The mission focuses on helping communities hit by disasters, like the deadly tornadoes that hit Western Kentucky in 2021.
This week, 30 students in the program celebrated their spring breaks by volunteering in Louisville, 600 miles away from Howard University.
30 students came to the Commonwealth to create new possibilities for those who have lost their homes to natural disasters.
They worked with organizations like Habitat for Humanity to help rebuild hope.
“It means a lot, they are giving themselves,” Habitat for Humanity project manager Jason Brownlee said. “They took away their own spring break to enjoy it with us. It just says a lot about these guys out here.”
These students are donating their time to help communities like Louisville.
Dara Perkins Aragano is a freshman at Howard University. She said Louisville is special to her because of its resilience.

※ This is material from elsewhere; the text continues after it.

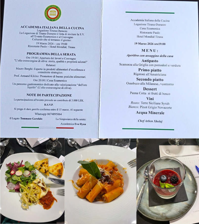 Si è svolta presso il Ristorante Paulo dell’Hotel Mondial di Tirana la Cena Ecumenica Straordinaria, organizzata per celebrare il prestigioso riconoscimento della cucina italiana quale Patrimonio Immateriale dell’Umanità da parte dell’UNESCO. L’evento è stato preceduto da un convegno sul tema “L’olio extravergine di oliva: storia, qualità e proprietà salutari”. La celebrazione ha rappresentato un momento di profondo significato, sottolineando il valore culturale e identitario della tradizione gastronomica italiana. La prestigiosa cornice dell’Hotel Mondial ha ospitato una serata che ha confermato l’impegno della Legazione nel promuovere e tutelare l’identità gastronomica italiana in Albania.

“I personally have been around the country and being from California, I have seen how fires can affect many people,” she said. ”How hurricanes have come through Florida and just in Mayfield we saw a lot of hurricane damage. Just seeing that, I feel a sense of I just want to help them out.”
The school sends hundreds of students to various communities nationwide and internationally. This week, the students spent time at the Salvation Army, helping to make food boxes, organize clothes and serve others at their café.
“When I was back in college, giving up my time and serving others was not my highest priority,” Director of Volunteer Services at Salvation Army Louisville: Jeremy Warf said. “These kids are giving up their spring break to come to serve others. I think the world would be a lot better place if we chose to help others in need.”
Looking back at all their accomplishments this week, Aragano described the experience as fulfilling.
She said next year, she hopes to be back in the commonwealth, because there’s more work to be done.
“After this week, I feel like we did reach out to the community here,” Aragano said. “We helped a little bit to get the ball rolling in helping people. I think there is a lot more that can be done here. I am hoping, as an organization, we come back and help out again.”
Showing others how donating a little time can leave a big impact.